Ensure the following technical components are ready for your workflow:

  • Containerization: A Docker image URI (e.g., from AWS ECR) containing your environment (e.g., Python 3.8+, PyTorch, and the transformers library for EvoNB).
  • Reference Data: Large-scale sequence databases, or fine-tuned model checkpoints in the case of EvoNB (EvoNB_1 through EvoNB_5) and the base ESM-2 (esm2_t33_650M_UR50D) weights, either pre-staged or uploaded to Quark directories as Filesystem Datasets.
  • Input Schema: A list of parameters (strings, integers, files) that your script expects as command-line arguments.
  • Environment Requirements: Knowledge of the required CPU, RAM and specific Docker images or environment variables ($Env$).
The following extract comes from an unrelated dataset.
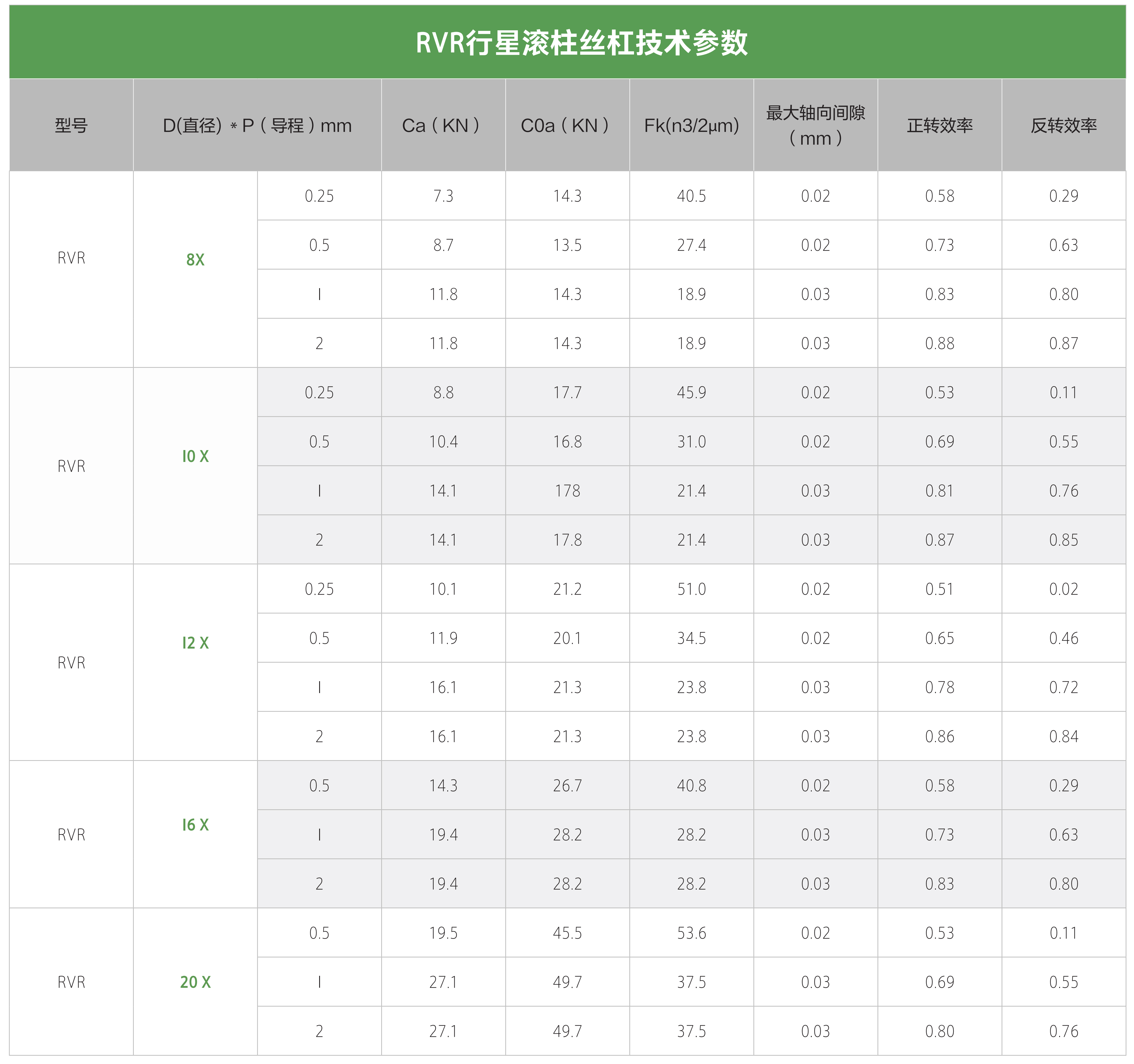 RVR循环式行星滚柱丝杠,因为滚柱是以行星布置围 绕丝杠轴向运行。然而其内在机制是不同于其他丝杠 设计。循环式设计的不同之处在于,滚柱经过研磨, 但没有螺纹角,因此滚柱在螺母内轴向移动,并在每 次通过轨道后重置或再循环。这种结构提供了极其精 确的线性运动。

This includes benchmarked knowledge of required GPU VRAM for your specific model. For example, GPU VRAM requirements for the 650M parameter ESM-2 model is typically 16GB+ for efficient batching.
  • Execution Logic: For the EvoNB example, refer to the get\_mutation.py script from the EvoNB repository to handle sequence masking and probability calculation.

Step-by-Step Instructions

Start the Import

  1. Navigate to the My Pipelines tab on your dashboard.
  2. Click the New Pipeline button in the top-right corner. You will be given two options: Import Pipeline and Build Pipeline. Click on Import Pipeline.
  3. In the Select Pipeline Type window, choose Custom and click Continue.

Pipelines

Click on `Import Pipeline`

Pipelines

Select `Custom` and click `Continue`


Step 1: General Pipeline Details

Define your pipeline to provide identifying information for the rest of your team.

Field Description Mandatory? Bioinformatician Tip
Name A user-friendly name Yes Keep it versioned to track model updates.
Summary A brief summary of the function. Yes Describe the biological objective.
Category Used to group particular pipelines. Yes Select Others or Proteomics.
About In-depth info using Markdown syntax. No List model weights, library versions, and tool citations.
Tags Metadata filtering keys/values. No Use tags like model: esm-2 or gpu: required.
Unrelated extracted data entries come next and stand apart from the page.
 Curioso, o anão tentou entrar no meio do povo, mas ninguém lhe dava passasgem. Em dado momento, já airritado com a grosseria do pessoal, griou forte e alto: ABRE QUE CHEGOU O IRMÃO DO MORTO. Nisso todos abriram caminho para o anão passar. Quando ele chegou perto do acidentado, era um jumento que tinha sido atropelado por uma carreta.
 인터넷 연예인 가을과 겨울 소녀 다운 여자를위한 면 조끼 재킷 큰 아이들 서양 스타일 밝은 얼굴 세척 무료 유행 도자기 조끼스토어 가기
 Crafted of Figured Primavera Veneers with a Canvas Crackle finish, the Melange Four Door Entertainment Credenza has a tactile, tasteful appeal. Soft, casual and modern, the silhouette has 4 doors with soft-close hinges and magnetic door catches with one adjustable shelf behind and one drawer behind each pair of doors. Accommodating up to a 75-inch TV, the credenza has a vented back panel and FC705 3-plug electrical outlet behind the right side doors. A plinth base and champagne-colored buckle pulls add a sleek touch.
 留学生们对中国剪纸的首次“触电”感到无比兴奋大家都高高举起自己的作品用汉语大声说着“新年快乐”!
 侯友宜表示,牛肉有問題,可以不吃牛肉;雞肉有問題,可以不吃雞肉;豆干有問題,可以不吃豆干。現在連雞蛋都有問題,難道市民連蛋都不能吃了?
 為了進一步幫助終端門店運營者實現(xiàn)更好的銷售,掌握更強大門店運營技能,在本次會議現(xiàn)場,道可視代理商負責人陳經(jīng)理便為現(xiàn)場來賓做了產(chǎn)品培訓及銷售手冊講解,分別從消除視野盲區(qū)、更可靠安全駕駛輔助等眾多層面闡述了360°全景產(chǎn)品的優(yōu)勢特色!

For example, for an EvoNB workflow, you can provide the following:

  • Name & Summary: EvoNB-Mutation-Prediction. Summary: "A Protein Language Model-Based Workflow for Nanobody Mutation Prediction and Optimisation"
  • About: Provide a Markdown summary of the five independent models used to minimize random errors in mutation prediction.
  • Category: Select Immunology.
  • Tags: e.g., task: mutation-prediction, model: esm-2, gpu: required.

Pipelines

Pipelines


Step 2: Datasets (Mounts)

This step allows bioinformaticians to connect stable, pre-existing datasets (filesystems) required for the pipeline run.
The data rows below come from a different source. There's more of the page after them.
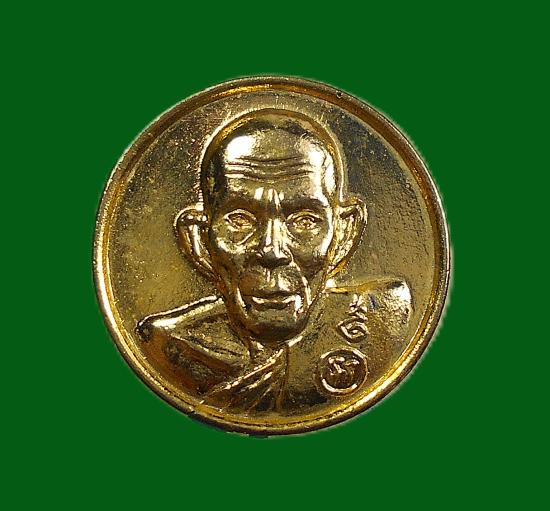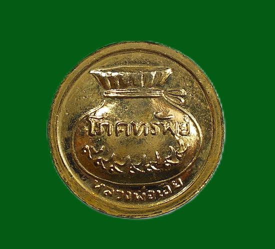 เหรียญเม็ดกระดุมโภคทรัพย์ 9/7 ตัว หลวงพ่อเอีย วัดบ้านด่าน จ.ปราจีนบุรี ปี 2518 เนื้อกะไหล่ทอง ผิวสวยเดิมตามรูป พระเก็บเก่าไม่ผ่านการใช้
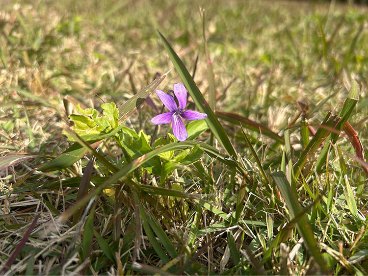 春待たずして咲くスミレを「冬(ふゆ)菫(すみれ)」と言います。スミレの種には、アリが好んで食べる栄養物質(エライオソーム)がくっついています。アリたちに種を運ばせることで、スミレは新たな場所で発芽します。小さいながらも、生き抜く戦略を備えている植物です。
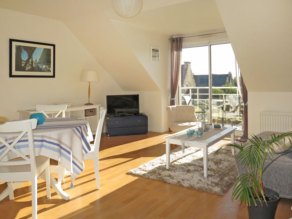 3-Zimmer-Wohnung, 1. Etage, ca. 55 m². Separater Zugang über Außentreppe. Wohnraum mit Sitzcouch und Sessel, Essplatz, Balkonausgang. Durch Theke abgeteilte Küchenzeile (4 Flammen, Backofen, Mikrowelle, Geschirrspüler, Kühl-/Gefrierkombination, Kaffeemaschine, Wasserkocher, Toaster). Schlafzimmer (Dachschräge) mit franz. Bett. Zweibettzimmer (Dachschräge, Dachfenster). Dusche. Sep.WC. Inserat einer Privatperson nach Artikel 155, IV, CGI.
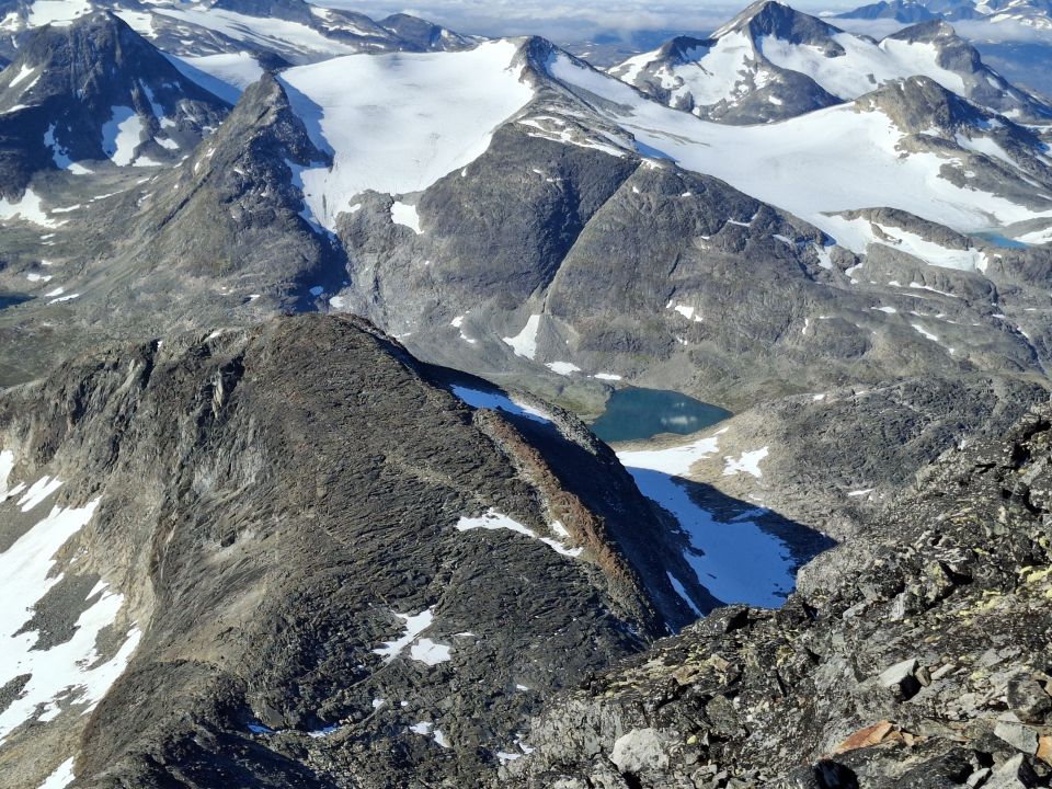 Kurz nach Høgvaglen befindet man sich nur noch im steinigen Gelände, kaum mehr Pfadspuren. Das Gelände ist kompakt. Bei Nässe aufgrund Flechten wohl eher rutschig. Wenige Schneefelder die hart waren, aber auch ohne Steigeisen gut zu gehen. Alle Schneefelder können gut umgangen werden.
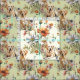 Yellow lab dog pattern fabric. Labrador Retriever dogs among wildflower stems on a pale yellow-green background color.
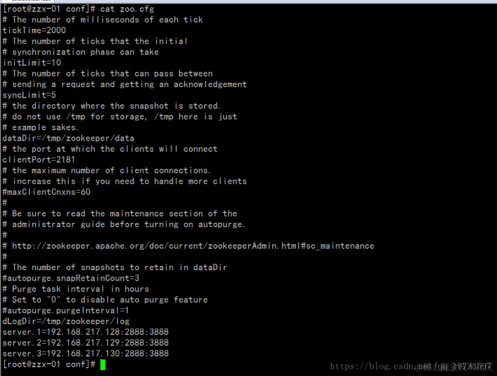 server1 = IP1:2888:3888(2888:访问 zookeeper 的端口;3888:重新选举 leader 的端口)
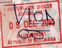 Old style South African entry stamp. This style is still current for road entry.
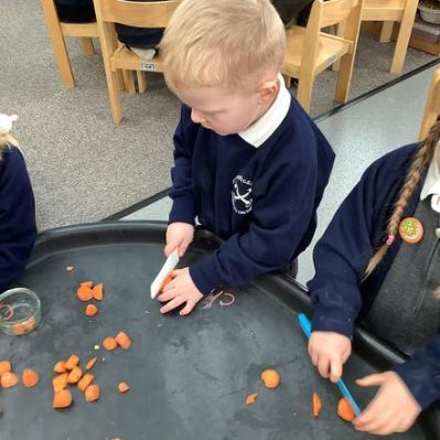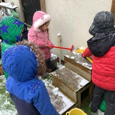 We still like to get outside as much as possible so please ensure children bring a coat that they can fasten themselves (Please practice this at home if they need it) and gloves and hats when required. This is a good time to remind you to check that everything is named please! Because we take our shoes off to come inside, wellies are not usually required.
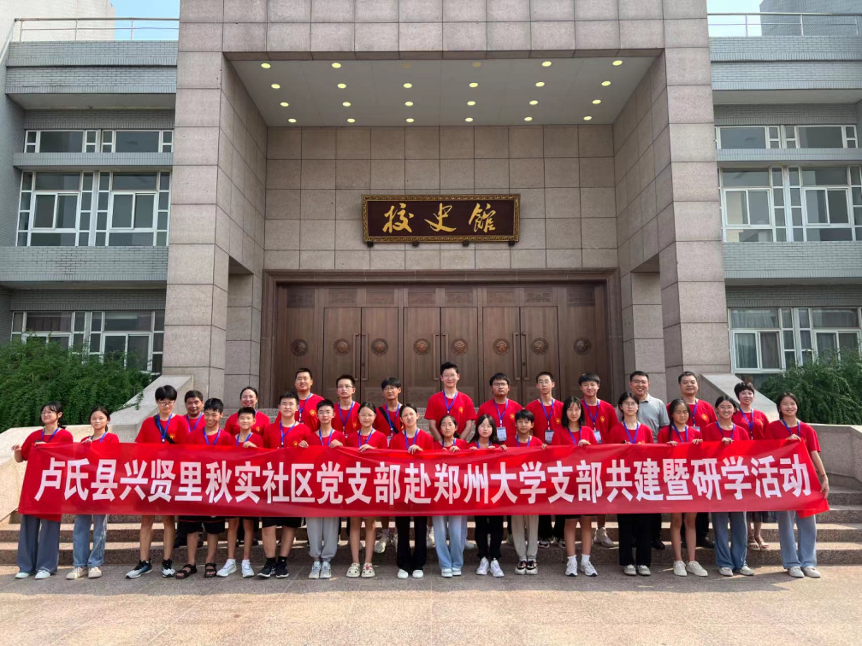 研学团先后参观了校史馆、中原关键金属实验室、图书馆、药学院标本馆、现代分析与基因测序中心、化工学院实验室等。期间,化工学院化学工程与工艺系党支部与兴贤里秋实社区党支部联合开展了党建共建活动,秋实社区党支部回赠了在兴贤里社区升起的第一面五星红旗(兴贤里国旗台由化工学院化学工程与工艺系党支部捐建)。化工学院王景涛教授、王利国教授分别以《能源的分类与简介》《科技改变“你我他”》为题给研学团成员作了精彩的科普报告,并鼓励研学团成员踏实学习、奋发图强、成才报国。研学团一行参观了河南省博物院,深切感受到中原文化的厚重,领略华夏文明的博大精深。

Tools like EvoNB require access to model checkpoints; Quark uses Mounts for low-latency loading of weights.

Option 1:

  • Select Add New Dataset Mount to search for your pre-staged dataset (e.g., evonb or evonb-checkpoints from the huggingface repository for the EvoNB workflow.)

Pipelines

Pipelines

  • Mount Configuration: Provide a retrievable Name for your mount path. Specify the Sub Path (the path in the dataset that you would like to have mounted) and the Mount Path (the mount path where you would like to have the dataset mounted). For example, for the EvoNB workflow:

    • Name: MODEL_DIR.
    • Sub Path and Mount Path: /app/models/ (the location where your script expects the EvoNB\_1..5 directories).

    Pipelines


Option 2:

Alternatively, since bioinformaticians may need to use files that the user uploads (or downloads from another pipeline's results), Quark also allows bioinformaticians to specify mount path directories — such as My Files, My Results, User (Shared), Project (Shared) and EFS data locations — as an option to upload datasets to the pipeline.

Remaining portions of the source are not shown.